When it comes to Dreamworks, Madagascar is their cash cow, pulling in the dollars like there’s no tomorrow. Can the latest film combat the curse of the terrible threequel? Simply put, it’s wild ride through hell and back.
Madagascar didn’t just have to deal with the trials of a third entry, it also had the misfortune of being set in Europe, another curse that seems to plague sequels. Make no mistake, the film will take in dough by the bucket loads thanks to its family oriented entertainment but it just lacks the qualities that made the first two entries so memorable and rewatchable.
This time around, there’s a noticeable lack of focus on story, with the basic tale merely serving as a vehicle for the numerous gags, jokes, and chase sequences that populate the film. These gags are very much in line with what we’ve come to expect from the franchise and it won’t disappoint anyone looking for more of the same.

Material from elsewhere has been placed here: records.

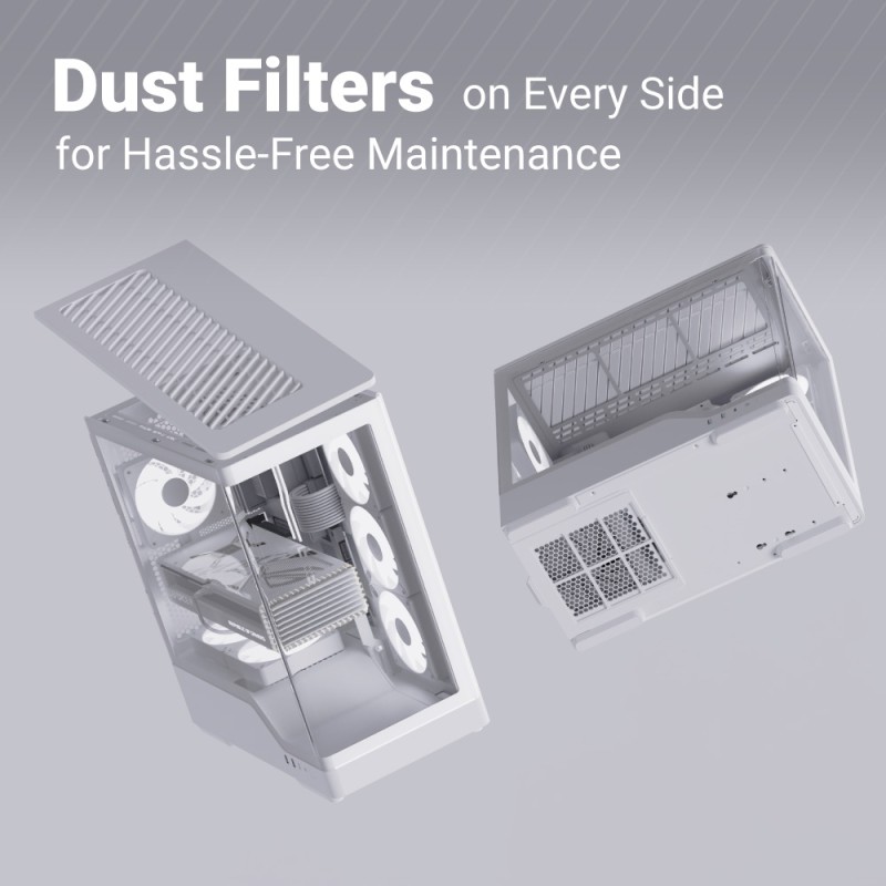 Τα προϊόντα που δεν αναγράφουν διαθέσιμο σημαίνει ότι δεν υπάρχουν άμεσα διαθέσιμα στο κατάστημα και θα παραληφθούν το αργότερο εντός των εργάσιμων ημερών που αναγράφεται στη διαθεσιμότητα. Σε κάθε περίπτωση η ημερομηνία μπορεί να μεταβληθεί και θα υπάρχει σχετική ενημέρωσή σας.Το Midi Tower κουτί είναι σχεδιασμένο για gaming και προσφέρει ευελιξία και άνεση στην εγκατάσταση διαφόρων μητρικών πλακών όπως ATX, micro ATX και Mini-ITX. Κατασκευασμένο από SPCC και tempered glass, διαθέτει λευκό χρώμα και ενσωματωμένο φωτισμό πολλαπλών χρωμάτων στα ανεμιστηράκια του. Υποστηρίζει έως 7 θέσεις επέκτασης και διαθέτει φίλτρο κατά της σκόνης, καθώς και διαχείριση καλωδίων για καθαρή εμφάνιση. Το μέγιστο ύψος ψύκτρας CPU είναι 18 cm και το μέγιστο μήκος κάρτας γραφικών 42 cm. Υποστηρίζει υδρόψυξη με ραδιέιτορες έως 360 mm στο πάνω μέρος και διαθέτει προεγκατεστημένους 4 ανεμιστήρες 120 mm (3 μπροστά και 1 πίσω).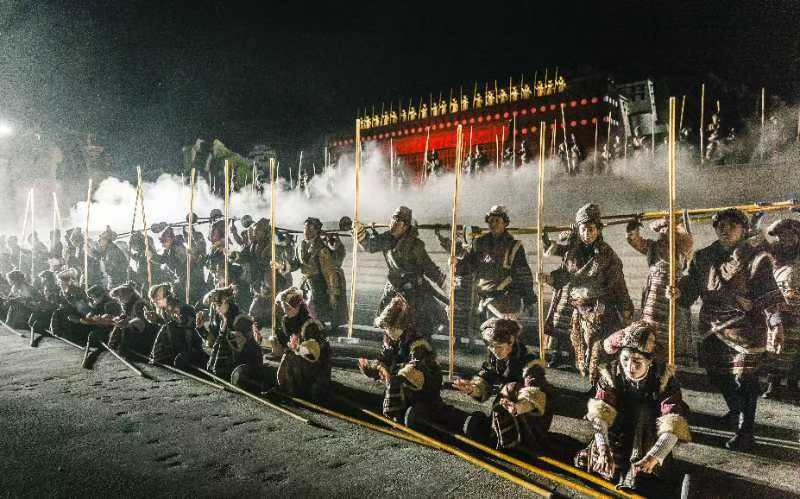 圖為《文成公主》實(shí)景劇演員在表演“打阿嘎”。(受訪者供圖)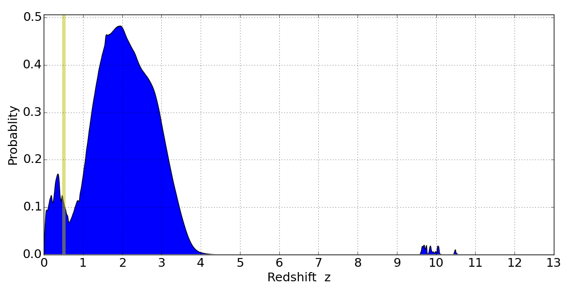 Best viewed in a wide browser window (1200 pixels or more). Download SED & P(z) plots to view larger versions.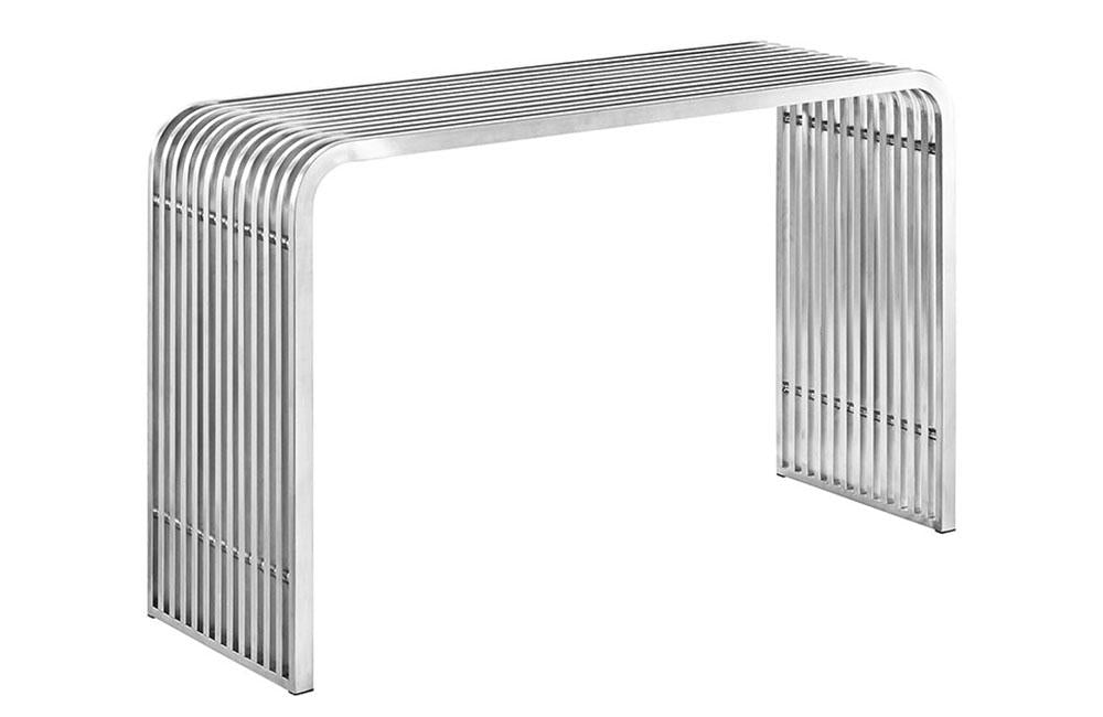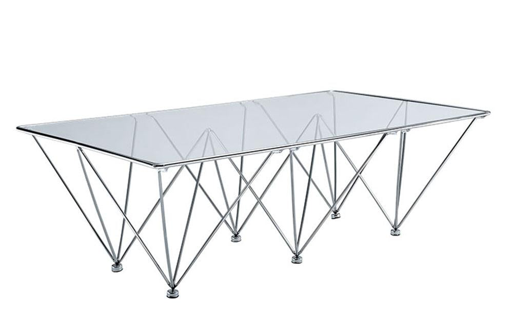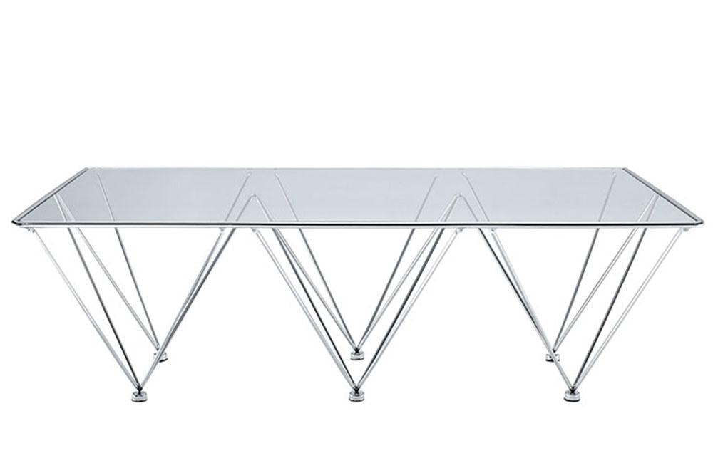 Description Two Rectangular Motion Tempered Clear Glass Cocktail Table With Rectangular Brushed Stainless Steel Cocktail...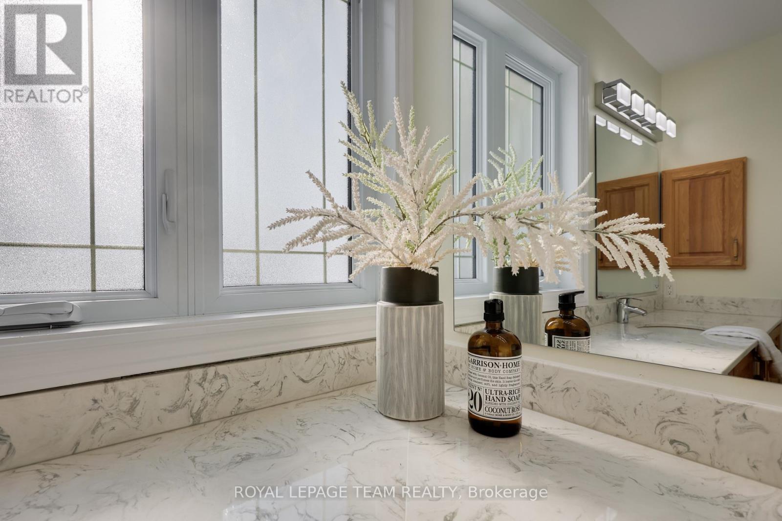 Welcome to this beautifully maintained Minto Pearl model in the heart of Centrepointe, offering 4 bedrooms, 3 full bathrooms, a double attached garage, and a fully finished basement. One of its standout features is the main-floor den paired with a full 3-piece bathroom - ideal for multi-generational living, guests, or a private home office. With thoughtful updates throughout and generous living space, this home combines functionality, comfort, and long-term value in one of Ottawa's most desirable family neighbourhoods. The front exterior sits on a quiet, mature street with excellent curb appeal and a welcoming entry. Step inside to a bright foyer that opens to a south-facing vaulted living room filled with natural light, creating an immediate sense of openness. The formal dining area flows seamlessly for easy entertaining. The kitchen features quartz countertops, oak cabinetry, and a sunny breakfast area overlooking the backyard, while the adjacent family room with a wood-burning fireplace offers a warm, inviting space to relax. A wood staircase leads to the second level, where all bathrooms have been upgraded with quartz counters, new sinks, and modern light fixtures. The spacious primary suite includes a walk-in closet and a luxurious 5-piece ensuite with a jacuzzi tub and separate shower for true comfort and privacy. The additional bedrooms are well-sized and versatile. Downstairs, the fully finished basement provides two large recreation areas perfect for a home theatre, gym, or playroom, plus an oversized furnace room offering exceptional storage space. The private backyard is ideal for summer gatherings and family enjoyment. Major updates include a 2024 roof with transferable warranty, updated furnace (2015), and newer windows (approx. 2012), along with a Tesla charging outlet for added convenience. Located within walking distance to schools and close to Centrepointe Park, the water park, Nepean Library, City Service Centre, and Baseline LRT station. (id:64974)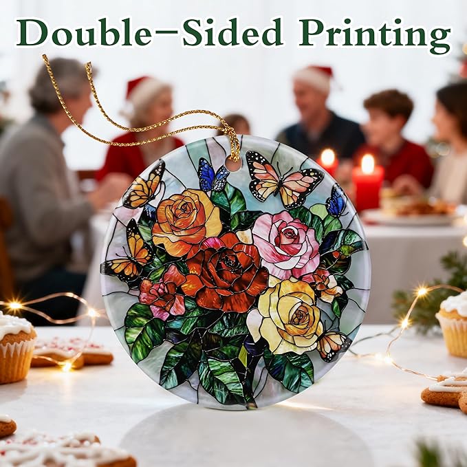 Butterfly & Rose Ornament | Christmas Ornaments, Christmas Decorations, Hanging Ornaments for Tree, Holiday Decor Gifts | Gifts for Flower Lover, Women, Friend, Neighbor | Gift Exchange Ideas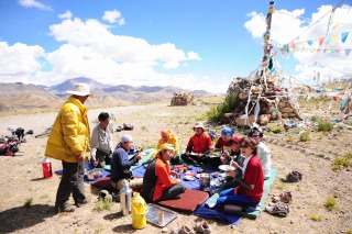 ![]() チベット高原で「大の字」になって休憩。 空が青〜〜〜〜い! |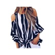 Kadın Gömlek Yuvarlak Yaka Askısız Bol Dikey Çizgili Günlük Üst Lacivert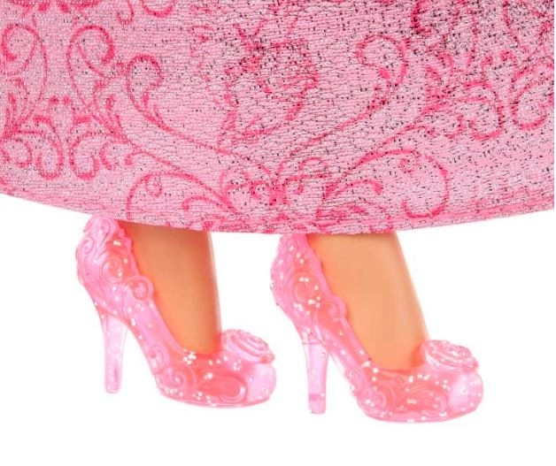 Куклата е облечена в розова рокля с блестящи детайли и украси, които пресъздават филмовия облик на Аврора.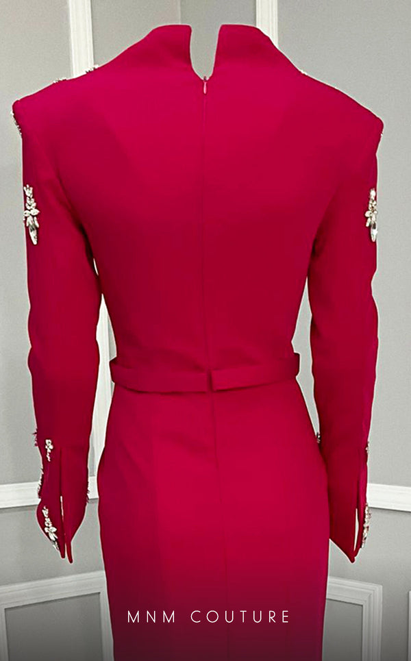Discover sophistication with the MNM Couture V02030, available at Couture Shop LA. This Rayon Crepe masterpiece showcases slashed long sleeves and a graceful V-neck, enhancing its column line silhouette. Embellished with rhinestones, crystals on shoulders pads, hands cuffs and on the refined belt along with unique button details from the V-neck till waist,. This gown effortlessly combines elegance and modernity, ideal for those seeking timeless evening wear.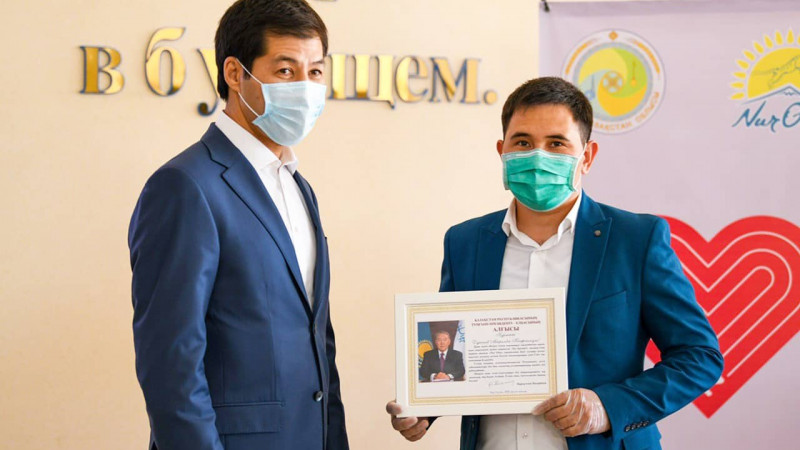 Волонтерам ЗКО вручили благодарственные письма от Елбасы Сегодня в торжественной обстановке председатель Западно-Казахстанского областного филиала партии Nur Otan, аким области Гали Ескалиев вручал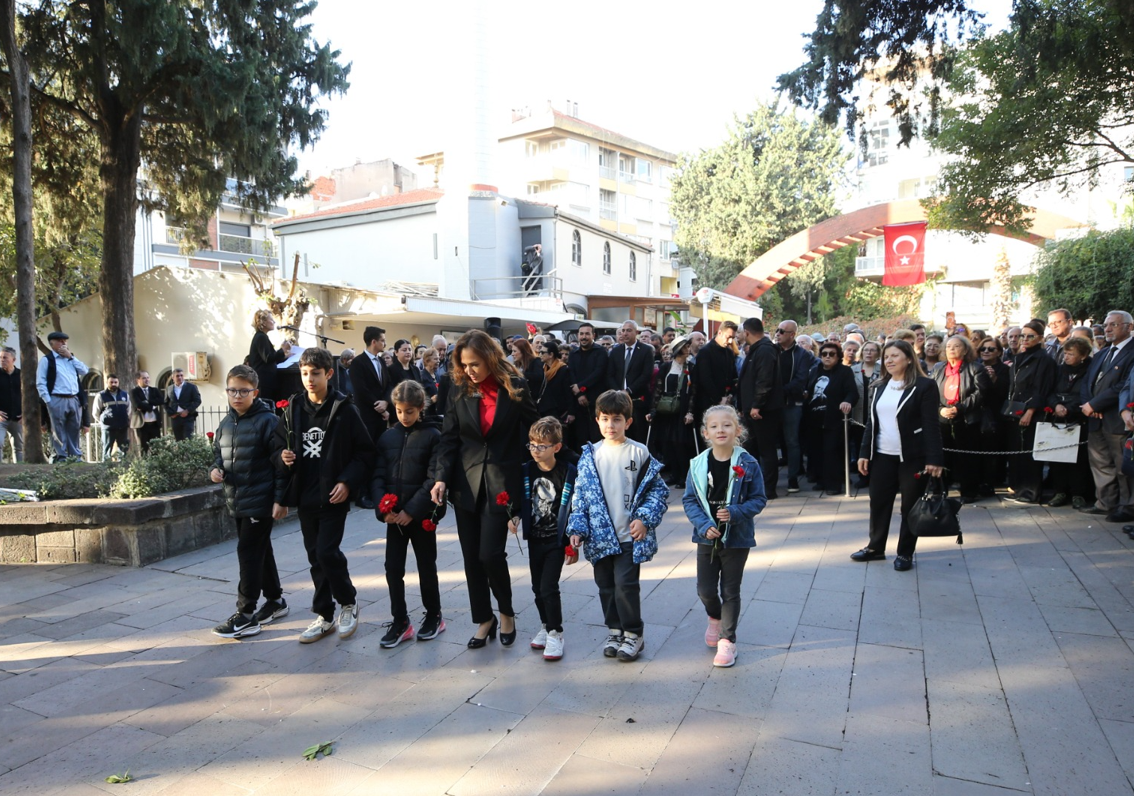 Karşıyaka Kaymakamlığı’nda düzenlenen törende de ilçe protokolü, gaziler, siyasi parti ve sivil toplum örgütlerinin temsilcileri, muhtarlar ve her yaştan vatandaşlar bir araya geldi. Karşıyaka Belediye Başkanı Yıldız Ünsal’ın da yer aldığı törende, saygı duruşu ve İstiklal Marşı’nın okunmasının ardından Atatürk Anıtı’na çelenkler bırakıldı. Karşıyaka Belediyesi, Zübeyde Hanım Anıt Mezarı’nda da bir anma töreni gerçekleştirdi. Karşıyaka Belediye Başkanı Yıldız Ünsal’ın ev sahipliğinde düzenlenen törene; Cumhuriyet Halk Partisi Karşıyaka İlçe Başkanı Levent Güçlü ve yönetimi, Karşıyaka Kent Konseyi Başkanı Dilek Karcı, belediye meclis üyeleri, sivil toplum kuruluşlarının temsilcileri ve vatandaşlar katıldı. Konuşmaların ardından Zübeyde Anne’nin mezarına kırmızı karanfiller bırakıldı.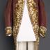 Formal coat. Brown silk faille, silk floss floral embroidery in ivory and autumn shades, high stand collar, 22 embroidered buttons, side flap pockets, glazed linen lining, ivory satin facing.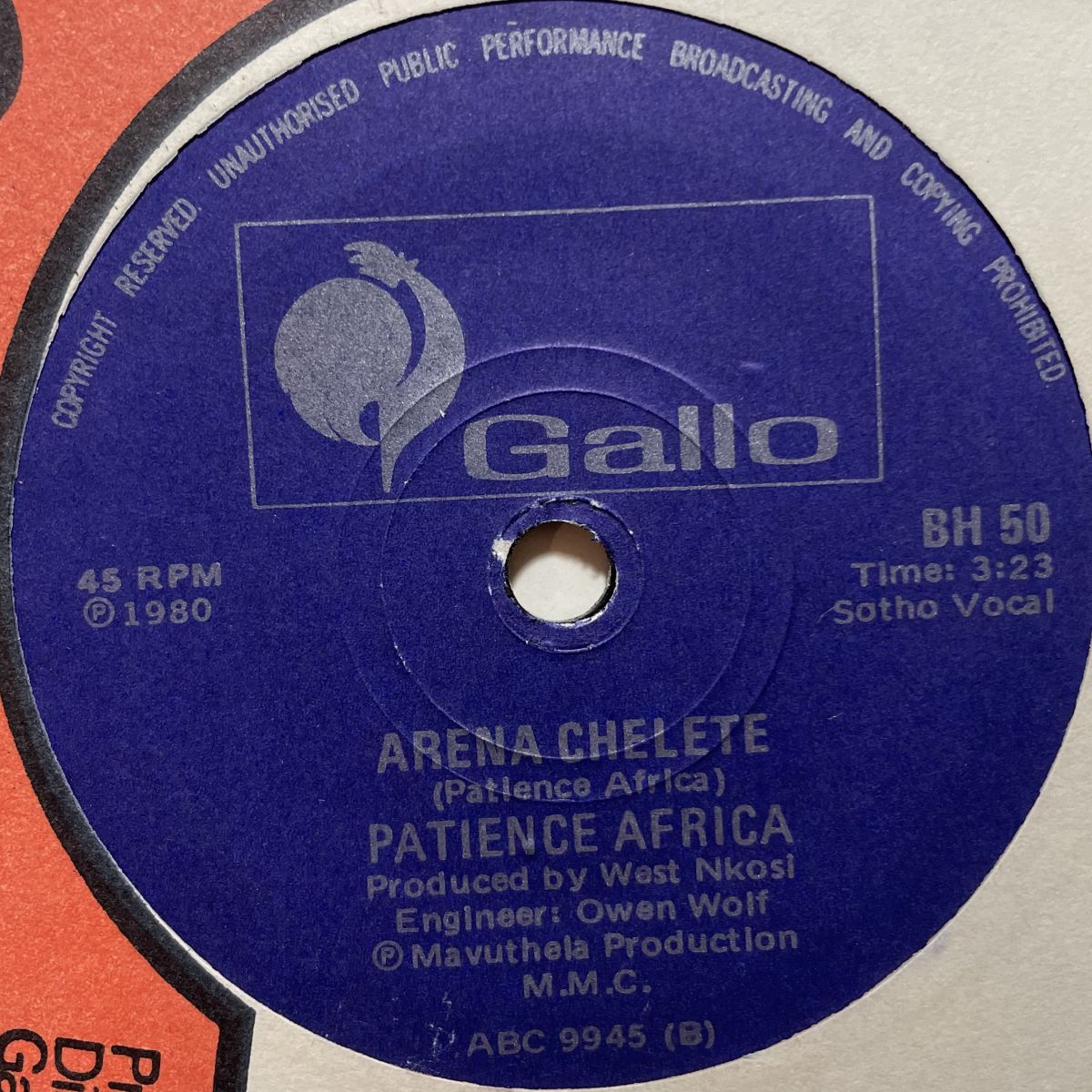 南アフリカ共和国の銀幕女優シンガーソングライターPATIENCE AFRICAの1980年究極RAREアルバムLETS GROOVE TONIGHTから収録曲ARENA CHELETEを抜粋したご当地ローカルGALLOレーベルリリースSEVEN INCシングル盤。南ア産象徴的かつ相応しく吹き抜けるシンセ&野太いベース音、リズミカルかつ呪術的なループで誘うBEATとGUITARが彼女の歌声と交わり完成した唯一無二の異空間ッ!!!LP収録曲中ISILINGO SENDODA、LETS GROOVE TONIGHT、DIVORCEに次ぐ要チェック曲だとボクは思います。ちなみにISILINGO SENDODAとLETS GROOVE TONIGHTは12INCで再発済みですよッ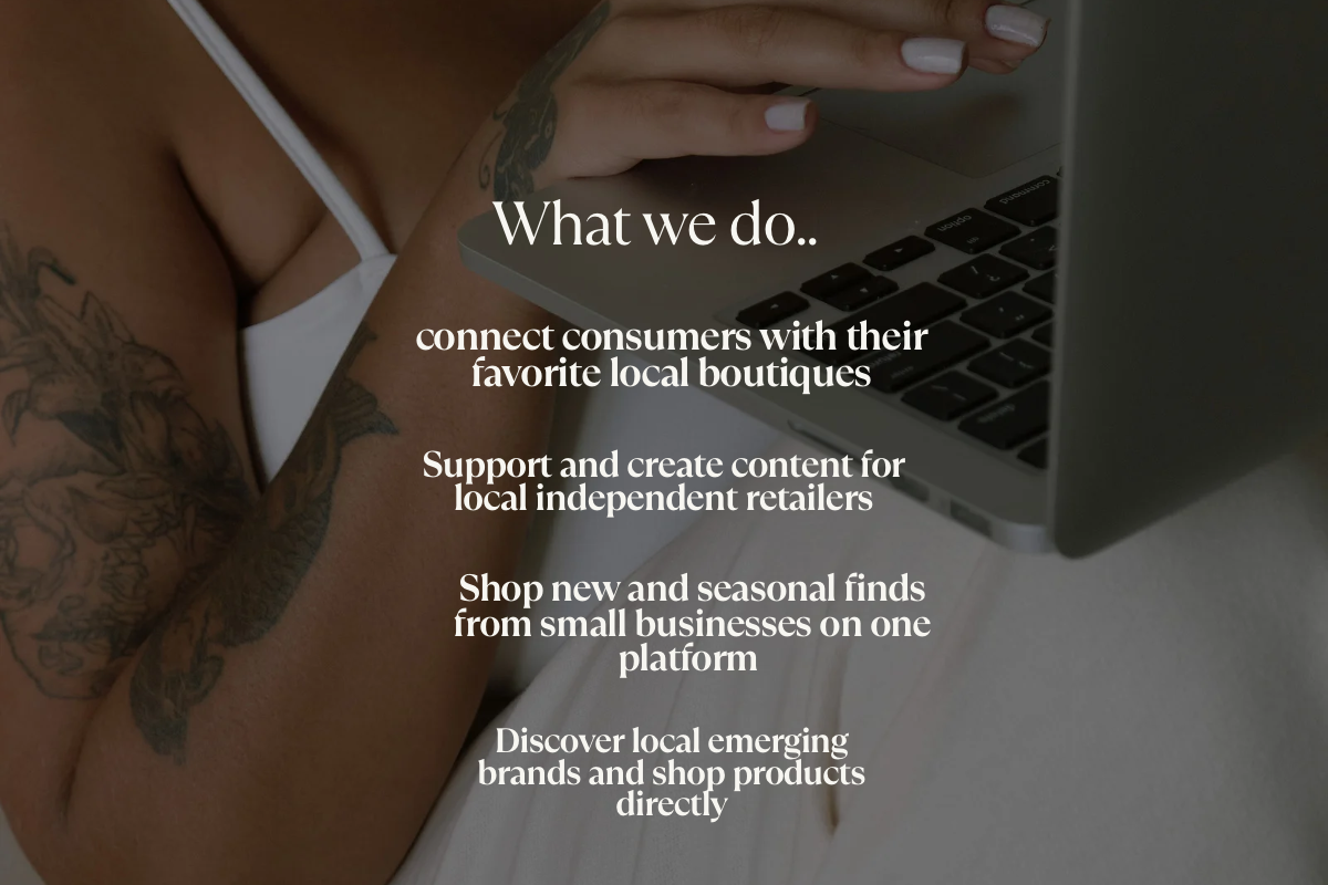 After owning a women’s clothing boutique for four years, I’ve realized there’s a huge gap in the market in supporting local retailers. Our mission is to empower independent retailers through content creation and customer engagement.

More of the same doesn’t mean that it is dull though, it still produces smiles and laughs frequently but know that the story, characters, and perhaps most importantly, the message of the film has been put on hold to give you these laughs…so you better damn well laugh if that ain’t the stuff you’re looking for!
The story plays out as such: the penguins leave Alex the lion and his friends behind when they go on their trip to Monte Carlo using their jet. Alex expecting them to return eventually loses hope and summons the gang to find the penguins. Somehow they manage to get to Monte Carlo sans transportation and plan a daring retrieval of the crafty birds in black and white but in doing so find themselves on the other side of the law with captain Dubois – animal catcher extraordinaire - hot on their trail. They eventually join a circus as a way to avoid the heat but are in over their heads when they end up owning it too.
It’s clear that in the case of Madagascar, star power was picked over talent. The original Madagascar troupe have their signature mannerisms and personalities but the new menagerie just doesn’t stack up with their poorly executed European accents – Bryan Cranston plays the role of Vitaly, a circus tiger, but his voice work would barely count as a russian stereotype. Overall the quality just hasn’t been brought to the table this time around.
The visuals however are as sharp as they always were with the stylised look still ever present and stunning, the 3D doesn’t enhance it and the gimmicks will definitely appeal to youngsters (they’re irritating for everyone else). What is truly new to the franchise is the bizarre adoption of the personification of the animals who tend to act a lot more like humans, this visually is explored to the full extent when the animals are swathed in enough flashy lights and eye candy to give even the most die-hard CGI geek an ocular toothache. It’s all fun, senseless fun that once again will please children.
Dreamworks always aims to please all their audiences, that said, Madagascar 3 caters more towards younger viewers with its hyper-kinetic pacing and dazzling saturation of colour. There are moments of humour that adults can appreciate but the message and coherent story are dumbed down for the lowest common denominator.
The Bottom Line
Madagascar 3 tries to take the best of the previous entries and make it more approachable to the super young, they sacrifice plausible storylines to the point where it is nonsensical but that’s okay given the subject, the idea is to not take it too seriously and rather sit back and relax. What is a shame is that the film abandons the strong sense of message that was conveyed so well in the previous entries and loses that special kind of charm – even the credit sequence is a paltry offering when compared to Escape 2 Africa, which I feel has been the superior of the trilogy. Nevertheless, the animal’s are back and they’re up to there usual shtick, the difference is the gimmiky 3D effects and the all ages appeal, it’s enjoyable but doesn’t carry the weight of the previous two, lingering as the drunkard uncle swimming in his own vomit: he’s a fun party animal but he just can’t pull himself together.